In Waterford, the Nire edged Rathgormack by a point as well with the remarkable Michael Ryan at their helm, the same margin Ballyea won the Clare hurling final without Tony Kelly last week. And that’s just staying in Munster. In Dublin you had St Jude’s, the county’s great nearly men of the past decade, lose out again by a point to Kilmacud, St Loman’s scrape past Garrycastle in extra-time in the Westmeath final, not to mention the extraordinary last-minute-goal Tullamore conceded to Naas in the first round of the Leinster championship.

In truth, we could go on and on, just as the action will go on and on in the coming weeks. This autumn hasn’t just confirmed what the summer of 2020 suggested — that the split-season can and does work — but that the GAA can survive giving up August and September to the club game. What we lose in quality — and the last few weeks will also give us an appreciation and appetite for when the county game kicks off again in the new year — is more than atoned for in the competitiveness and romance the club game throws up, much more than three of the four football provinces do anyway.
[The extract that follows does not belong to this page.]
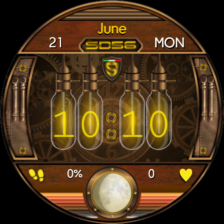 SD56 هو قرص رقمي لـ WearOS مقدم من SPEEDYDESIGN، وقد تم إنشاؤه بأسلوب STEAMPUNK مع الساعات المغلقة في مصباح قديم، بدون ألوان إضافية مثل الساعات الماضية، والتي بفضلها يمكنك التحكم في:

RTÉ, despite Morning Ireland having so little to say about the Gah yesterday morning, have also added to the profile of the club game by televising it live as often as it has on Saturday evenings these past 18 months, supplementing what TG4 have been doing for over 20 years. Indeed there’s a case for a Sunday night ‘The Club Game’ highlights show, even if the coverage would have to be less your traditional Match of the Day and feature more top-10 crazy clips-stories to squeeze everything in.

Because we’re all Loughmore-Castleiney now. Can’t get enough of these club games.